“I would love to see us develop this sometime before I retire,” said Lewallen, AJRR medical director and former board chairman. “The card would have a code that brings a patient to a [Web] page where they could sign on using a unique password and look up all the data about their total hip or total knee replacement. Right now, it can be hard to find information on a particular patient’s arthroplasty because maybe the doctor has retired or the hospital changed owners. With the current state of data management, that is not acceptable. But with the registry, when a patient walks into a doctor’s office, say five years after the procedure, and he can’t remember who did the surgery, there would be a way to get that information.”
As simple as it sounds, Lewallen’s vision is pure fantasy at this point. Though the AJRR has been operational for about 14 months now and is stocked with information on more than 36,000 primary and
revision total joint arthroplasty (TJA) procedures, the massive cybervault is still far from completion, much less ready for consumer use. When it debuted in February 2012, organizers confidently set a six-year deadline to collect information from 90 percent of the 4,000 U.S. hospitals where hip and knee TJA procedures routinely are performed. But as of late March, only 140 hospitals, or 3.5 percent of the total, have shared data with the registry.

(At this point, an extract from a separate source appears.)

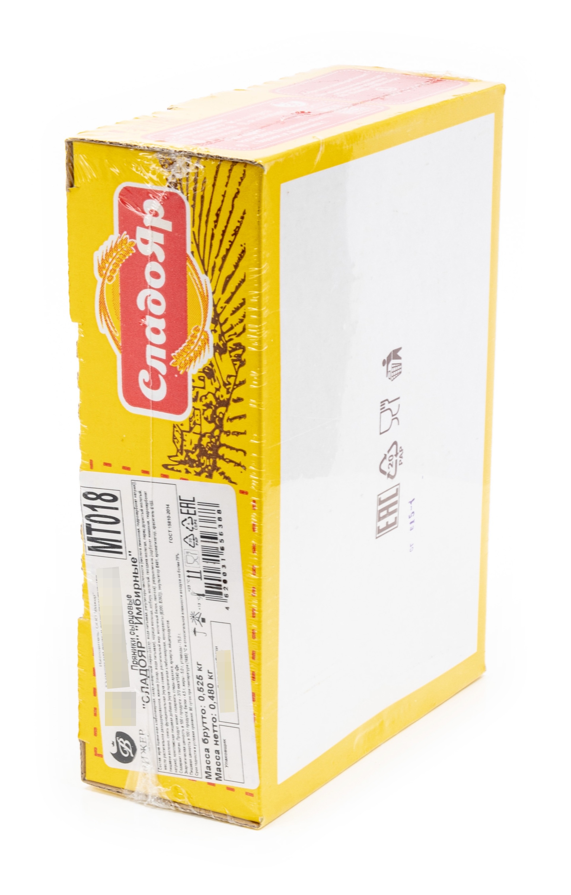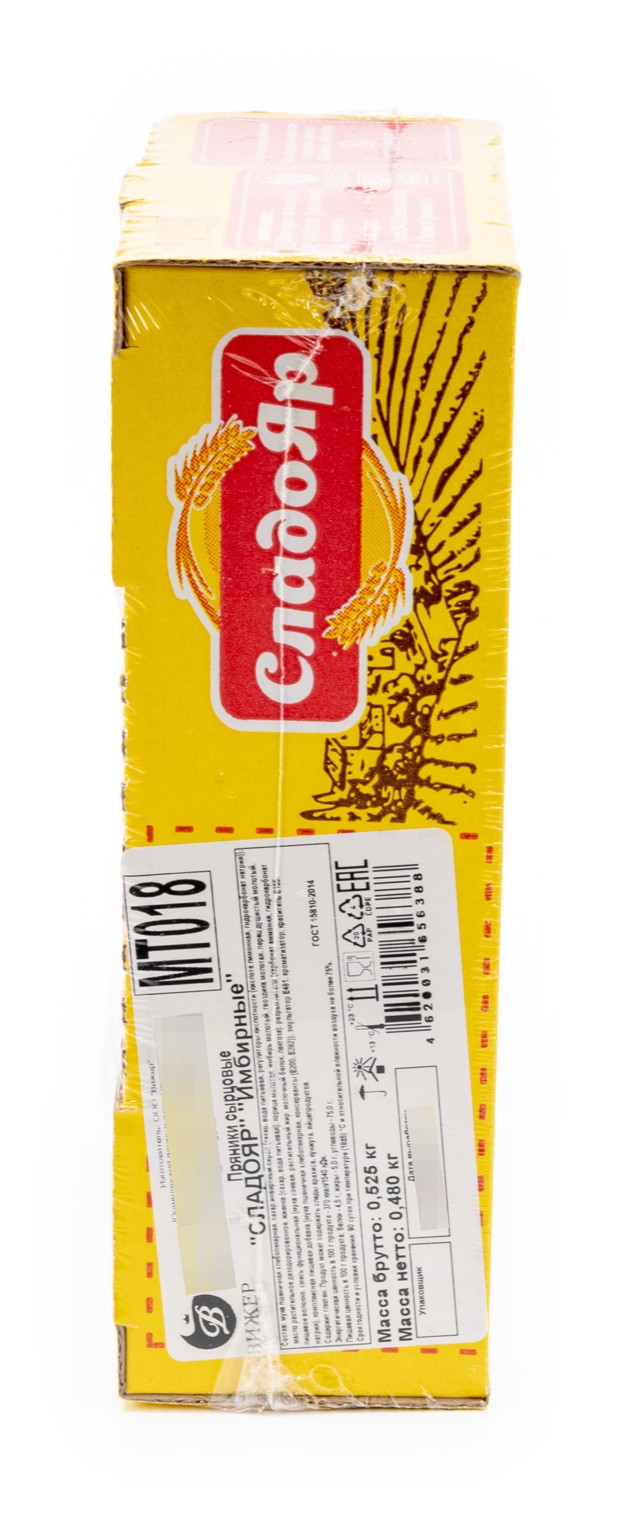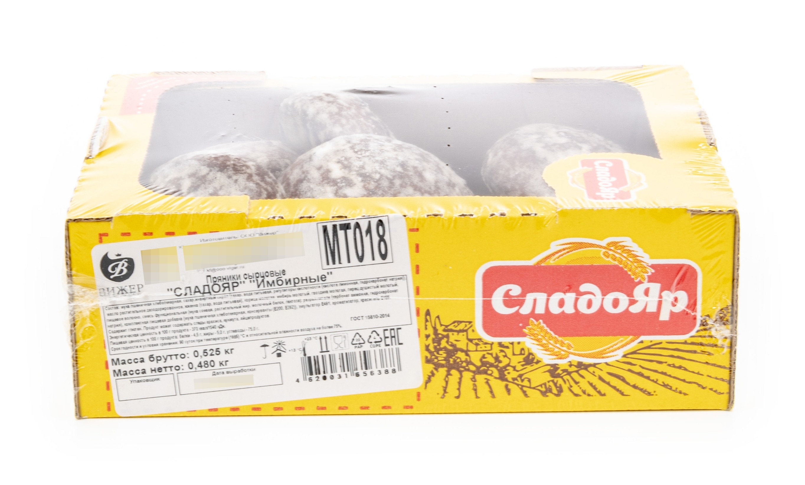 Пряники Имбирные реализуются в индивидуальной упаковке. Вес — 480 г. В их составе содержатся следующие компоненты: мука пшеничная хлебопекарная, сахар, инвертный сироп (сахар, вода питьевая, регуляторы кислотности (кислота лимонная, гидрокарбонат натрия)), масло растительное дезодорированное, жженка (сахар, вода питьевая), корица молотая, имбирь молотый, гвоздика молотая, перец душистый молотый, пищевое волокно, смесь функциональная (мука соевая, растительный жир, молочный белок, лактоза), разрыхлители (карбонат аммония, гидрокарбонат натрия), комплесная пищевая добавка (мука пшеничная хлебопекарная, консерванты (Е200, Е282)), эмульгатор Е481, ароматизатор, краситель Е155.

At this rate, Lewallen may be forced to live out his dream as an AJRR card-carrier rather than a distributor.
Some industry experts are not surprised by the AJRR’s slow shuffle to the finish line. The registry, experts claim, is a noble idea, a proficient way to protect patients against defective replacement parts as well as painful revision surgeries, and save the bloated U.S. healthcare system significant money. In fact, a mere 2 percent dip in TJA revision rates would generate more than $65 million in annual savings; that total, however, could surge to $1.62 billion if the AJRR can cut revision rates in half, as some foreign repositories have done (Sweden’s 34-year-old joint registry, for example, has kept that country’s revision rate at 4 percent, according to the American Medical Association Journal of Ethics).
Such savings potential cannot be overlooked, particularly in an age of perpetually rising healthcare expenses. Yet the lure of cost savings cannot always overcome other hurdles to the registry’s full potential, such as liability, funding, patient confidentiality and device- or company-specific
reporting bias.
Organizers claim the registry meets all privacy, security and compliance requirements under both the Health Insurance Portability and Affordability Act and the Health Information Technology for Economic and Clinical Health Act for administrative, technical, and physical safeguards. In addition, the AJRR has secured funding through the end of the year.

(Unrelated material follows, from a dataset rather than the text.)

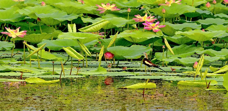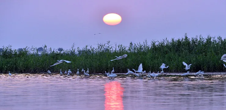 衡水湖位於河北衡水市冀州市城區北側,是面積非常大的淡水湖泊。這裡有兩處湖心島,一是三生島,島上種滿了綠色植物,樹木茂密,主要是以觀賞鳥類為主;另一處是梅花島,島的形狀像一朵梅花而得名,主要以觀賞動物為主。這裡可以乘船遊湖,近距離觀看碧綠的蘆葦蕩和美麗的荷花。

Despite its many obstacles, Lewallen and other AJRR staff members are confident the registry ultimately will meet its goals. At an informational session held during the American Academy of Orthopaedic Surgeons Annual Meeting in March, registry officials discussed the AJRR’s past progress and its future plans.
Besides expanding its staff (Jeffrey P. Knezovich, CAE, as executive director; and Pamella Leiter, MSA, OTR/L, as director, policy and strategic alliances), the AJRR is working to collaborate efforts with the California Joint Replacement Registry and the Michigan Arthroplasty Registry Collaborative Quality Initiative, said Lewallen, a professor of orthopedic surgery at the Mayo Clinic Medical School in Rochester, Minn.
The AJRR also is widening its scope of collectible data. Currently, the AJRR gathers basic information (deemed “Level I” data) to monitor artificial joints throughout recipients’ lifetimes. The Level I data include patient, surgeon and hospital identification as well as procedural facts and implant details.
This year, the registry will begin collecting Level II, III and IV data to risk-adjust hospital and revision results. Level II data will include patient risk factors and comorbidities (as identified through ICD-9 codes); Physician Quality Reporting System measures; surgical approaches; prophylaxis; and American Society of Anesthesiologists scores.
Level III data will encompass 36-Item Short Form Health Survey; hip disability and osteoarthritis outcome score; knee injury and osteoarthritis outcome score; Modified Western Ontario and McMaster Universities Arthritis Index; Oxford Hip and Knee scores; Knee Society Knee Scoring System; and Harris Hip Score. Level IV data will include radiographic images.
“AJRR is also developing reports, including graphical dashboards, to provide to hospitals, physicians, manufacturers and payers,” the AJRR’s preliminary 2012 annual report states. “AJRR will conduct a pilot program in 2013 to identify automated methods to acquire Level II data and to test the features implemented to manage the Patient Reported Outcome Measures process.”